LeCun’s point is meant to impress. And it should.
Now imagine this shows up on a résumé. A candidate who has absorbed the entirety of human documented knowledge. Every book, every paper, every forum post, every manual ever written.
Would you hire them on the spot? Or would you want to know what they can’t do?
Here’s the thing: you’ve already hired them. And they brought friends.
Character One: The Librarian Who Never Left the Library
She has read every book in existence. She can retrieve any fact, cross-reference any concept, and summarise any topic on demand. Her knowledge spans Ottoman trade routes to chemical bonding to customer segmentation frameworks.
She has never stepped outside the building.
What she offers: Coverage. The probability that somewhere in her vast collection, information exists that relates to whatever you’re asking about. Faster retrieval than any human researcher. Synthesis across sources that no individual could replicate.
What she lacks: Any sense of which book matters for your situation.
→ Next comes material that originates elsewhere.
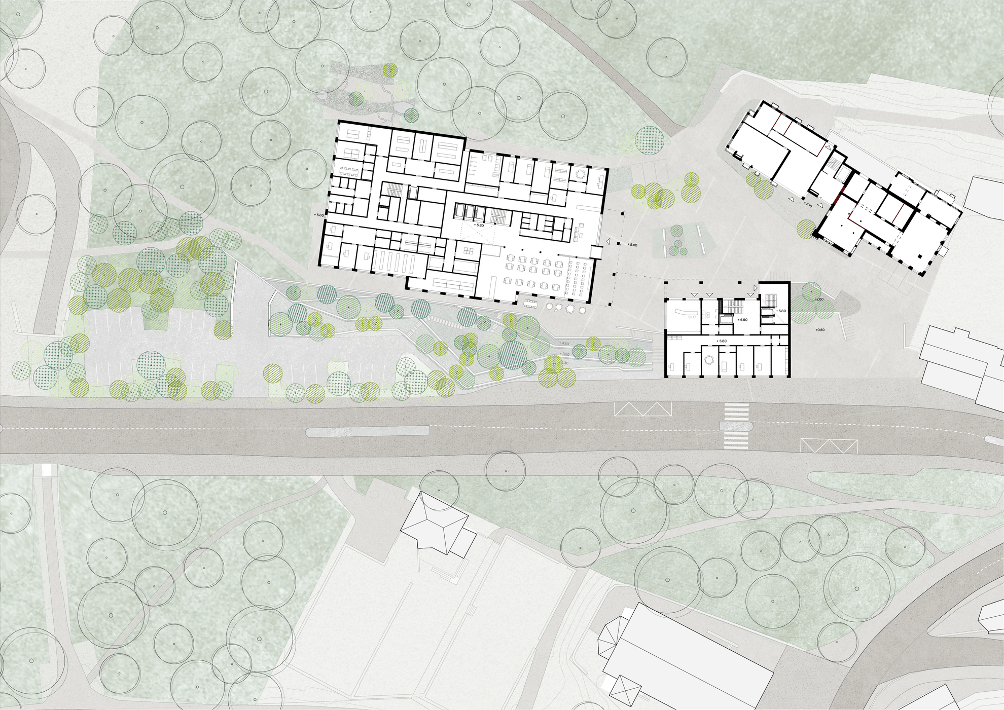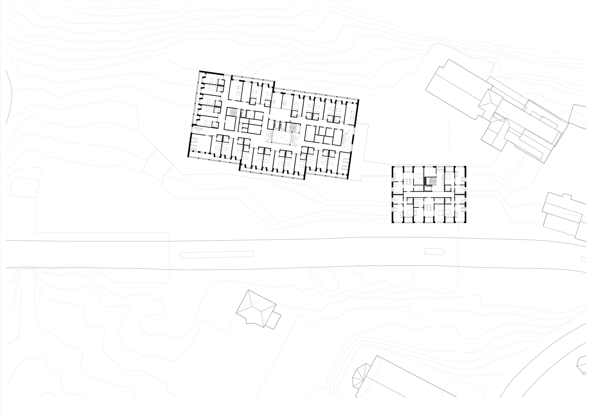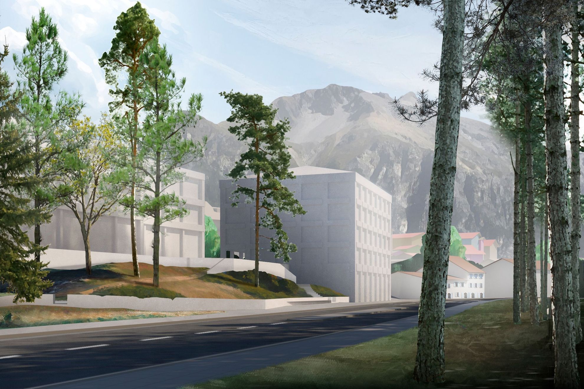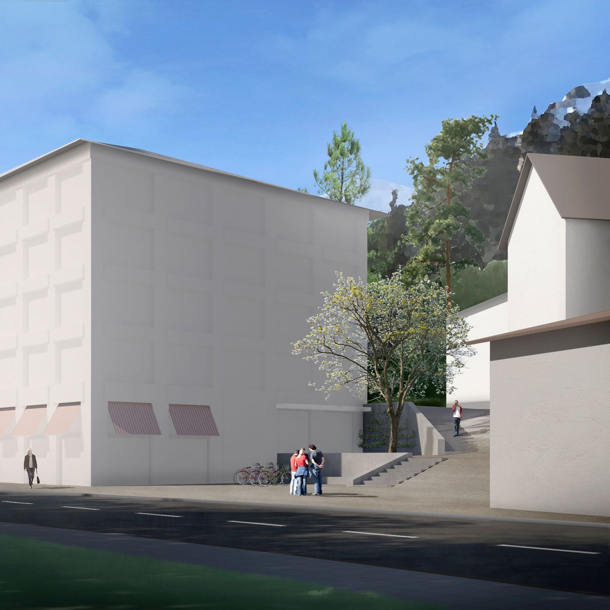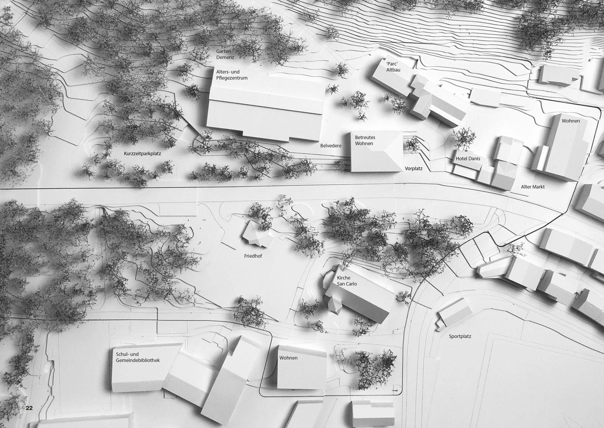Das Pflegeheim mit dem öffentlichen Restaurant kommen an diesem Belvedere zu liegen. Als Volumen erinnert es an die grossen, typischen Hotelbauten in den Bergdörfern.
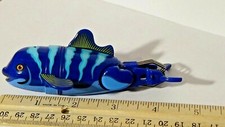 4.5" Whale Figure Blue Stripes Vintage Plastic Fish Figurine Toy Sea Creature

She treats peer-reviewed studies and Reddit comments with equal seriousness — both are just text on shelves. She can tell you what has been written about organisational politics. She knows nothing about yours. She spends time to reason and analyse for even a common sense.
How to work with her: Bring specific questions. Verify what she gives you. Never assume she knows what’s relevant. She only knows what’s written.
Character Two: The Intern Who Is Eager To Show Off Syntax But Never Shipped
He aced every programming course. He can write code in twelve languages, recite design patterns from memory, and explain the theory behind any architecture you name.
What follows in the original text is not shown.